In order to improve borrowing circumstances, he encouraged the National Assembly to make sure that any additional federal or state loans flow directly into capital projects that have already been approved and have the potential to boost the economy.

He stated, “We are borrowing to fund consumption, not production, if our revenue projections cannot cover recurrent expenditure.”

There are still administrative components in our capital expenditures that do not correspond to infrastructure. Roads, railroads, and other vital infrastructure that boosts productivity should be the only uses for borrowing.

He pointed out that Nigeria’s goal of having a $1 trillion economy by 2030 will necessitate 15–17% annual GDP growth, which can only be achieved if borrowing is linked to extensive infrastructure that boosts productivity both nationally and regionally.

Heavy dollar withdrawals and political cash transfers during election years, according to Alaje, are to blame for Nigeria’s frequent currency crises. Since 1999, this practice has exacerbated inflation and devalued the naira following each election cycle.

I have been monitoring election spending since 1998. “During campaigns, dollar flows into the economy always spike,” he stated.

“2010, 2014, and 2023 were the worst years.
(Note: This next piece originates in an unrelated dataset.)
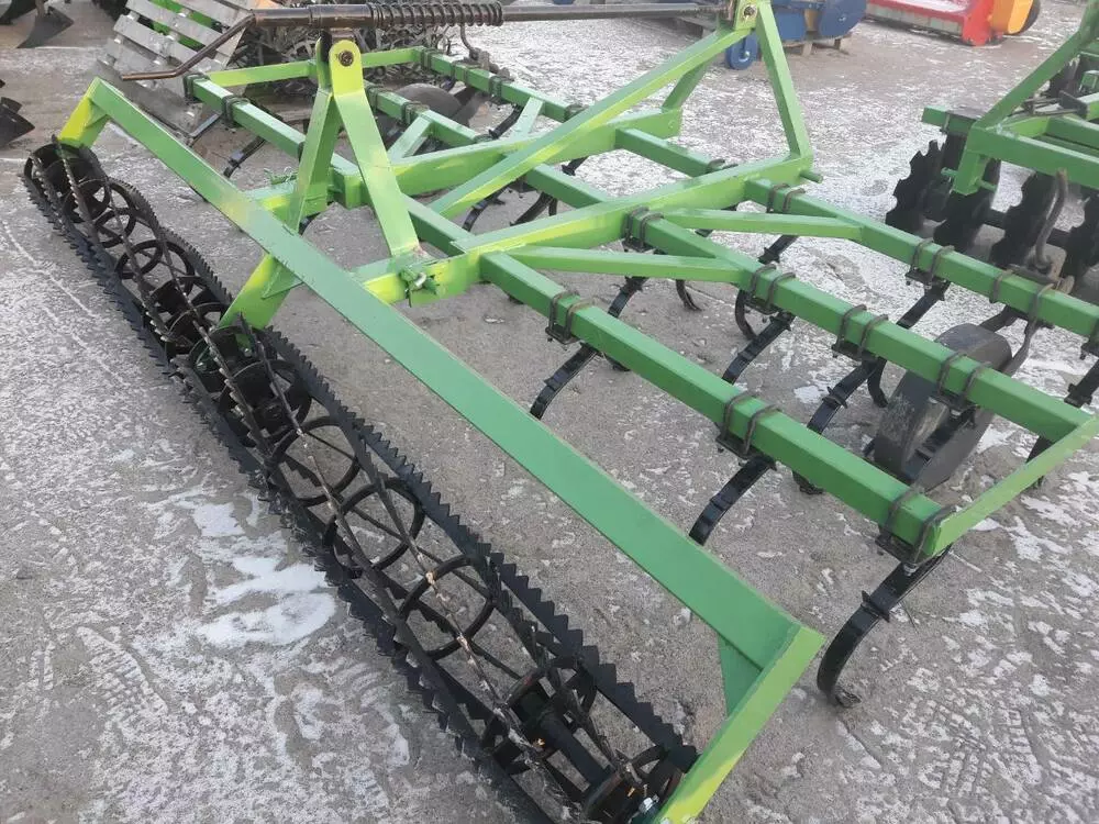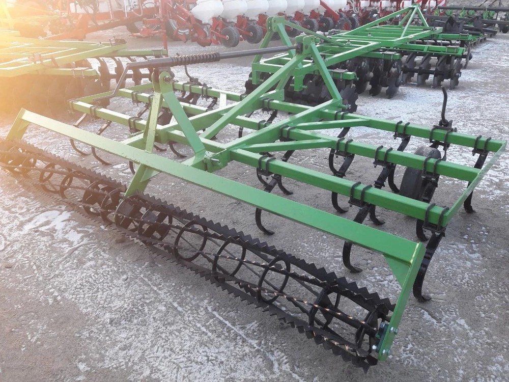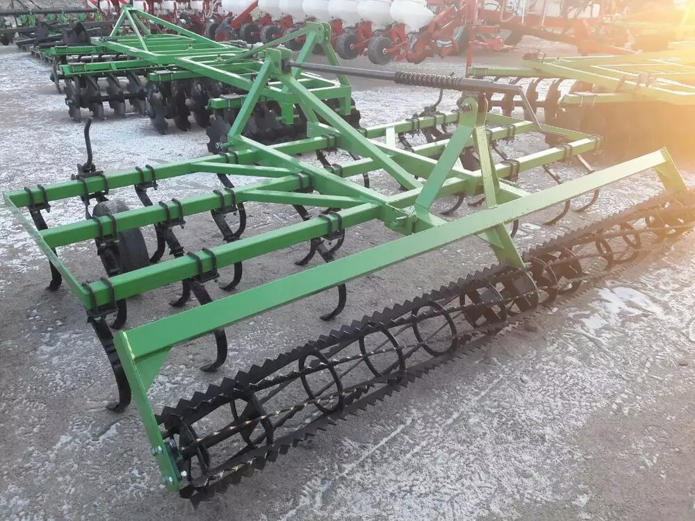 В предложении доступны культиваторы с креплением пружинных стоек при помощи устанавливаемых накладок. Стойки культиватора креплятся на раме в 3 ряда на расстоянии 140 мм и окончены легко заменяемыми рыхлительными долотами. Основным оборудованием культиваторов являются два опорные колеса, устанавливающие глубину работы.

Politicians destabilize the currency rate by taking dollars out of the reserves and pumping them into the Bureau de Change market. The economy starts to plummet following elections.

Due to large financial infusions by political players, he continued, the pre-election year frequently records the fastest economic growth. However, Nigeria sees slowdown, instability, and inflation rises just after elections, which are exacerbated by worldwide economic shocks.

“Prohibit Dollar Election Spending”

Alaje suggested a severe legal prohibition on the use of foreign currency in political campaigns in order to lessen the harm.

He declared, “The National Assembly and INEC must mandate that all election expenditures be made in naira.”

“The EFCC ought to have the authority to monitor and prosecute anyone who spends money on elections.” After the elections, we can only stabilize the economy in this way.

Alaje added that coordinated regional economic zones, such as those in the Southwest and North-Central, would spur rapid industrialization akin to China’s growth model and urged governors to imitate the infrastructural expansion saw in Lagos and Abuja throughout the country.